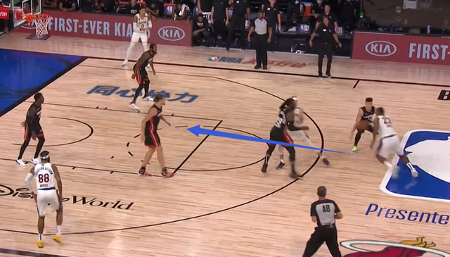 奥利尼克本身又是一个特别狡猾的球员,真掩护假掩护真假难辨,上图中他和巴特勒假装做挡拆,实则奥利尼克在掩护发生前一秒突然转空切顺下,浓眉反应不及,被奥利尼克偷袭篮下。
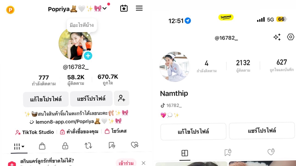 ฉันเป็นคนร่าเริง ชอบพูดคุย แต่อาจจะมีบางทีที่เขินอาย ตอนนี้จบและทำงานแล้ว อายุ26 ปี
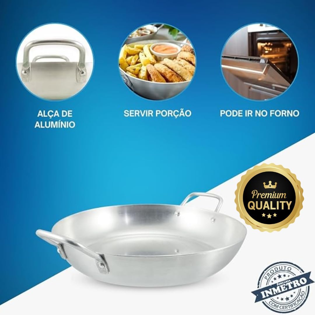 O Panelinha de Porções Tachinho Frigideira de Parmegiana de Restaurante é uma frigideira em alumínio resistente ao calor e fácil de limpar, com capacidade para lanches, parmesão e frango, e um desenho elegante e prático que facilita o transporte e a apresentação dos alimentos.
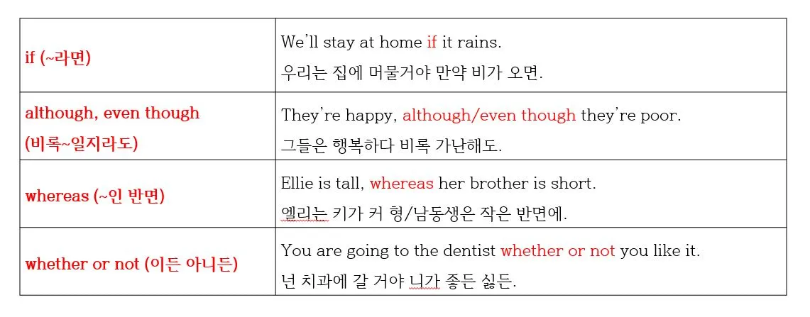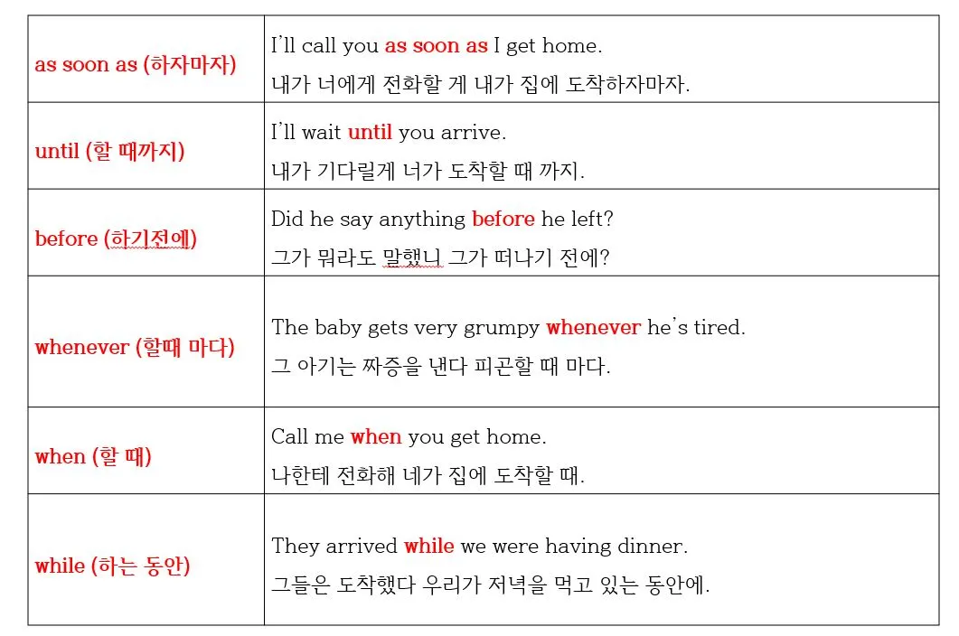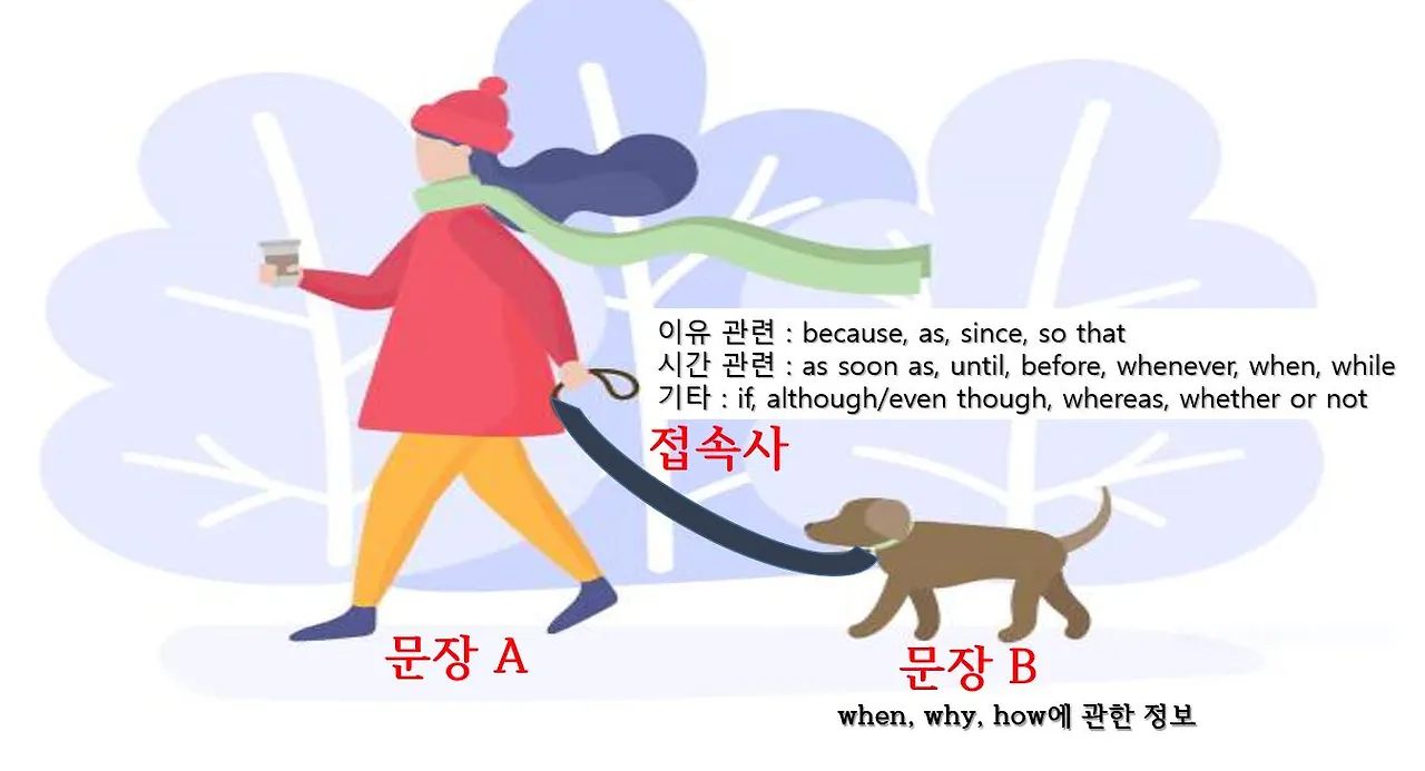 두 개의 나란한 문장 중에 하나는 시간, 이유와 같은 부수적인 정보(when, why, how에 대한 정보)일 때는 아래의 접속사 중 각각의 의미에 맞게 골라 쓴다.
---
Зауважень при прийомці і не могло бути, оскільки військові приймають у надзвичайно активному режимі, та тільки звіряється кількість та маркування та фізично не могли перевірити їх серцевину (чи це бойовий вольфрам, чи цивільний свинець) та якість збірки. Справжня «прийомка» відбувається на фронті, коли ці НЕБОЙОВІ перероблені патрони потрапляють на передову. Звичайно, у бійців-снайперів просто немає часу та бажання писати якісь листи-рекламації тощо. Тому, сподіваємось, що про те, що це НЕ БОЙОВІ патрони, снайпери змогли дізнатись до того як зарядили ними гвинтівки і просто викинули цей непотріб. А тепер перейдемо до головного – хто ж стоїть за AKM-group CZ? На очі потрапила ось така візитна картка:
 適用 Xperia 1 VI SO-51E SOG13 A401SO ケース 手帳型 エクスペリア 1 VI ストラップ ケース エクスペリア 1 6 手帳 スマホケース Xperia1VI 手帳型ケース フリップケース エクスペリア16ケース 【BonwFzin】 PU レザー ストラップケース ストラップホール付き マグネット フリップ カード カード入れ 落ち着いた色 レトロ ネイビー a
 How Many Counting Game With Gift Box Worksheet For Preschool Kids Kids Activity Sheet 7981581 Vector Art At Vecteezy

▶ Brief
From the line holding "O Panelinha de" to the line holding "두 개의 나란한 문장", both included, retype the entries above exactly and drop the pictures.

▶ Your response
 O Panelinha de Porções Tachinho Frigideira de Parmegiana de Restaurante é uma frigideira em alumínio resistente ao calor e fácil de limpar, com capacidade para lanches, parmesão e frango, e um desenho elegante e prático que facilita o transporte e a apresentação dos alimentos.
 두 개의 나란한 문장 중에 하나는 시간, 이유와 같은 부수적인 정보(when, why, how에 대한 정보)일 때는 아래의 접속사 중 각각의 의미에 맞게 골라 쓴다.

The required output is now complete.